Because the FineWeb Dataset is already super good. You can train 7B or 32B Param models at home
The >600B Param model isn't really using all the data effectively, but with a MacStudio Farm you can also train that one at home (if you have enough money to buy at least 100).
Here's the easy way: https://github.com/FareedKhan-dev/train-deepseek-r1
More details: https://www.bentoml.com/blog/the-complete-guide-to-deepseek-...
Here's how DeepSeek-R1-Zero was built, basically from 0 to Hero, including weights the FULL Training Data and everything you need to get it running locally or on servers.https://medium.com/@GenerationAI/how-deepseek-r1-zero-was-re...
For $30 USD you can also train a small DeepSeek at home!
https://github.com/Jiayi-Pan/TinyZero
https://huggingface.co/deepseek-ai/DeepSeek-R1-Zero (the model)

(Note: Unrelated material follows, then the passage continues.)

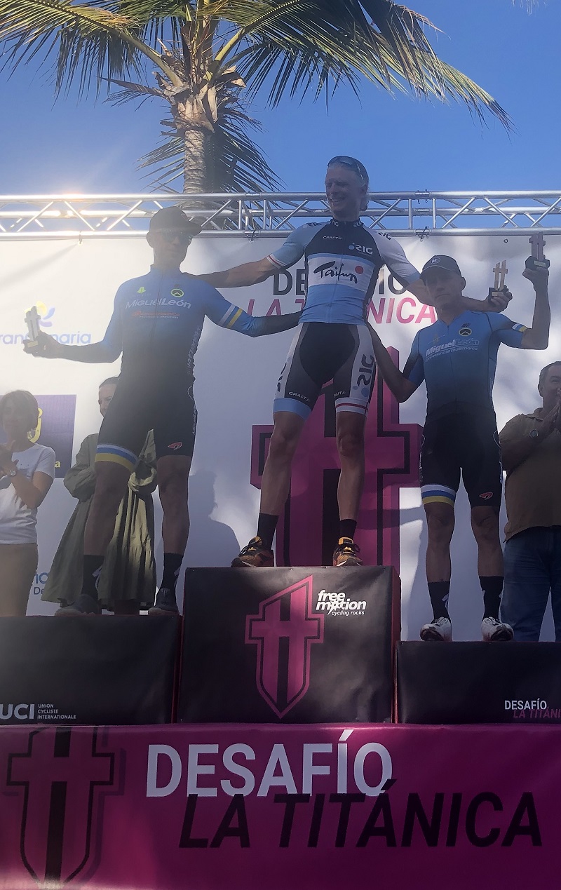 Zum Ende seines Trainingslagers auf Gran Canaria konnte Marc Reifferscheid beim Bergrennen „Desafío La Titánica“ den Sieg in seiner Altersklasse feiern. Das Rennen ging über 143km, wobei die Zeitnahmen jeweils an den 4 Bergen genommen wurden (2.3 km, 21 km, 12 km und 21 km). Als Höhepunkt des Rennens ging es als letzten Anstieg das „Tal der Tränen“ hoch (vale das lágrimas), bei dem ca.1500 hm mit Steigungsprozenten bis 20% zu überwinden waren. Hier konnte Marc seinen stärksten Widersacher auf Distanz halten und sicherte sich mit insgesamt 53 Sekunden Vorsprung nach allen vier Bergwertungen den obersten Platz auf dem Podest.

Ok, but those sources or methods will not reproducibly build the artifact that are the weights of DeepSeek R1 671B, that you claimed are "opensource". Because you can't see what they actually used to build it.
DeepSeek didn't publish the exact dataset required to create it. How is having zero visibility over "the source" used to create something considered "opensource"?
That extended definition of "opensource" is useless as almost anything that isn't unique in the universe can then be declared "opensource".